- **ACTIVITY**: Give again, exactly as written, the lines of the records below from the line with "國民黨智庫26日舉辦線上論壇" to the line with "Singapore Singtel phone". Both end lines count; pictures do not.

- **THE DATA**:
↓

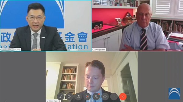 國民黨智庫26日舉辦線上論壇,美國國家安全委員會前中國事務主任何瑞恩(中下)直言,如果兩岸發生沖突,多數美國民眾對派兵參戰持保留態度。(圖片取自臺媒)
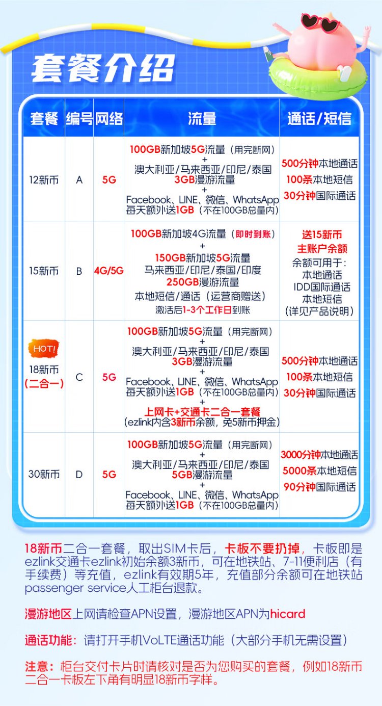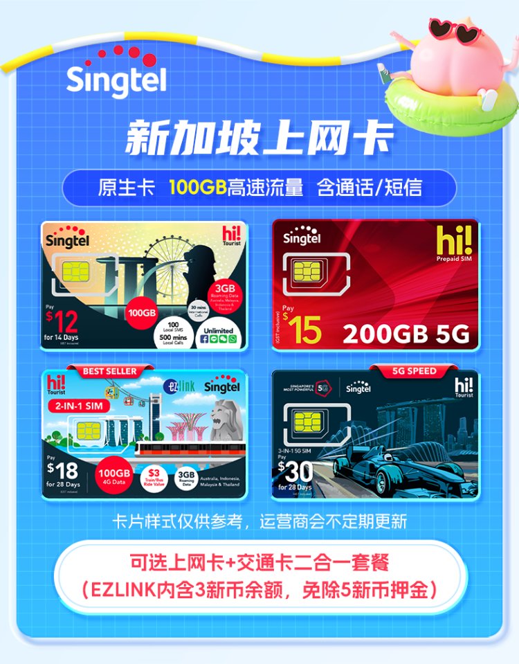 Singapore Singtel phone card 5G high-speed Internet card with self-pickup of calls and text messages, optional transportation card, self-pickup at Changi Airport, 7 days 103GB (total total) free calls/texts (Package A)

↑
↓

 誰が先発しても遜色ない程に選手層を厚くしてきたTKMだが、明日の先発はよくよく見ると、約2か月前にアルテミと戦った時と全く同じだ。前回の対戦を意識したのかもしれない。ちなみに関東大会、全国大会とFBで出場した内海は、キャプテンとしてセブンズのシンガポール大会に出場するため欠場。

↑

- **EXERCISE ANSWER**:
 國民黨智庫26日舉辦線上論壇,美國國家安全委員會前中國事務主任何瑞恩(中下)直言,如果兩岸發生沖突,多數美國民眾對派兵參戰持保留態度。(圖片取自臺媒)
 Singapore Singtel phone card 5G high-speed Internet card with self-pickup of calls and text messages, optional transportation card, self-pickup at Changi Airport, 7 days 103GB (total total) free calls/texts (Package A)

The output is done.